February 21, 1970 12:00 AM ET

Below is an excerpt of an article that originally appeared in RS 52 from February 21, 1970. This issue and the rest of the Rolling Stone archives are available via Rolling Stone Plus, Rolling Stone's premium subscription plan. If you are already a subscriber, you can click here to see the full story. Not a member? Click here to learn more about Rolling Stone Plus.

In the calendar year 1969, Fantasy Records issued four albums. Three of them were by Creedence Clearwater Revival and each of those three has now passed a million dollars in sales and the 1968 Creedence LP, spurred on by the success of its successors, has joined them in the Gold Record category, making a total of eight gold records for Creedence and Fantasy

And in addition, of course, single discs by Creedence including "Down on the Corner," "Fortunate Son," "Green River," "Proud Mary," have been among the most successful single discs of the year, even hitting the top rung (No. 1) of the best selling singles ladder and making John Fogerty, who never saw the Mississippi River until a year ago, into a mythological practitioner of something called "swamp rock."

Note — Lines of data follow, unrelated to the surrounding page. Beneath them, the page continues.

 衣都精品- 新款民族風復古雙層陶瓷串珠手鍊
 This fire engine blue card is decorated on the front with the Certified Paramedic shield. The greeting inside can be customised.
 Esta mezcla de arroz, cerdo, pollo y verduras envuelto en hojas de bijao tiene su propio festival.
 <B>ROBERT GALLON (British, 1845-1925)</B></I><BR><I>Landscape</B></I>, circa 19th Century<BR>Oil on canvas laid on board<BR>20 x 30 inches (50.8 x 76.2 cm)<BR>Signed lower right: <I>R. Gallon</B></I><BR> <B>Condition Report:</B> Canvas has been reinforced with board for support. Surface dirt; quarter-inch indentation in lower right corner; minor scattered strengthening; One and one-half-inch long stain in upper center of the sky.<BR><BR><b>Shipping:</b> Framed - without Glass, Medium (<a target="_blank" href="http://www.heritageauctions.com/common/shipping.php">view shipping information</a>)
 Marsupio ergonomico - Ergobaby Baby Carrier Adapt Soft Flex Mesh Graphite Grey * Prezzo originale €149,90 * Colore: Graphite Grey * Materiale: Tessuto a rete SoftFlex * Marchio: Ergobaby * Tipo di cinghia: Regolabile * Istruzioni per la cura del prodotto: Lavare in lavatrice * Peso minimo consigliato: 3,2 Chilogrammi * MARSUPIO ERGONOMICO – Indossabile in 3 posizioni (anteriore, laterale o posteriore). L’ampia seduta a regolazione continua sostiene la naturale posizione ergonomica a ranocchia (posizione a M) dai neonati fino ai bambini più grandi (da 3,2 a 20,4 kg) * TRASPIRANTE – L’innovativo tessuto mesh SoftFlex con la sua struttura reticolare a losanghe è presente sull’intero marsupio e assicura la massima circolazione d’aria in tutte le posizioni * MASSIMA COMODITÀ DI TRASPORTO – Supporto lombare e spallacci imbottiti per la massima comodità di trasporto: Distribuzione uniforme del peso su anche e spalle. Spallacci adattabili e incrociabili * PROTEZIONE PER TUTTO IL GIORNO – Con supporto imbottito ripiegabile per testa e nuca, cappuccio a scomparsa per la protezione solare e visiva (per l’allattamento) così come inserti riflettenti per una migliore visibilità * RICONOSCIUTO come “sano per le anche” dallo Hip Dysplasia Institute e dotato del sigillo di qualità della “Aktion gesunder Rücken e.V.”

Fantasy is currently housed in a one-story garage-with-office in the Oakland, California ghetto, two blocks from the historical scene of the Black Panther-Oakland PD shoot out. It moved there two years ago when Saul Zaentz (rhymes with pants), a bearded pool-playing veteran of the record business, bought out the original owners, Sol and Max Weiss.

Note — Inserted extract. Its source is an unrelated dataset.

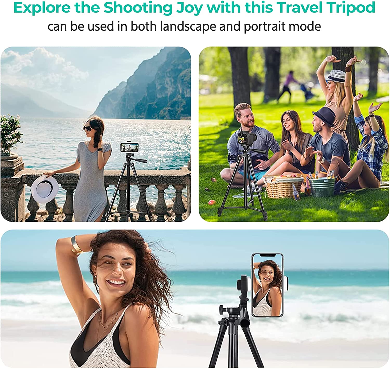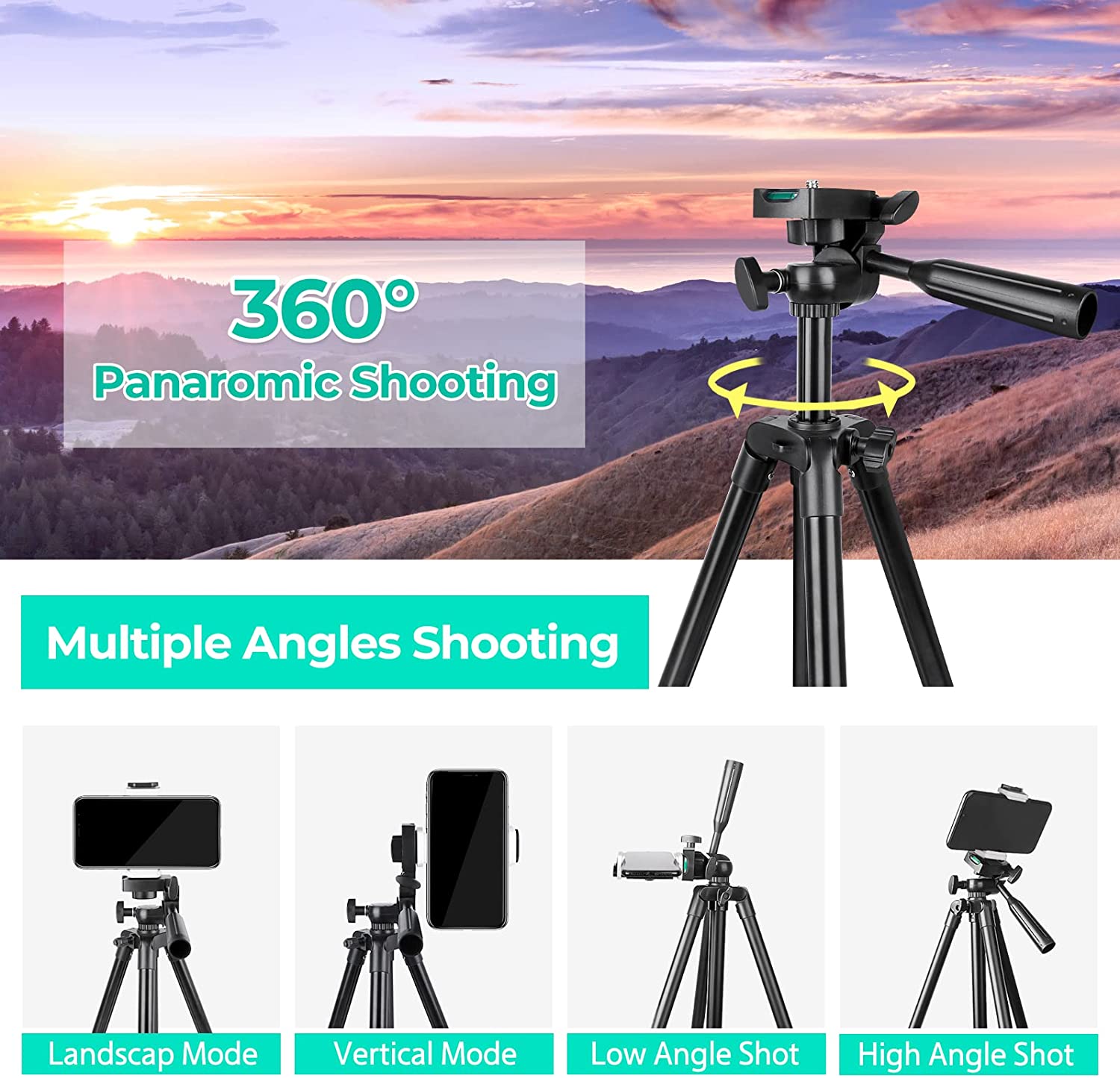 • ③【Sturdy Design】3-way pan head with 360°rotation and freely adjustable angles allows you to shoot panoramic photos/videos without limitations. Anti-skid & anti-scratch rubber feet provides stable standing and protect your cell phones from drops and damages.

Fantasy was started by Sol Weiss at the end of the Forties in a search for an unbreakable disc. It was one of the first companies to issue vinylite discs (remember the color of the Dave Brubeck, Gerry Mulligan and Cal Tjader LPs?). They introduced Dave Brubeck, Paul Desmond, Cal Tjader, Vince Guaraldi, Roger Collins, Lenny Bruce, the Mulligan Quartet, the Golliwogs, and others to the record audience.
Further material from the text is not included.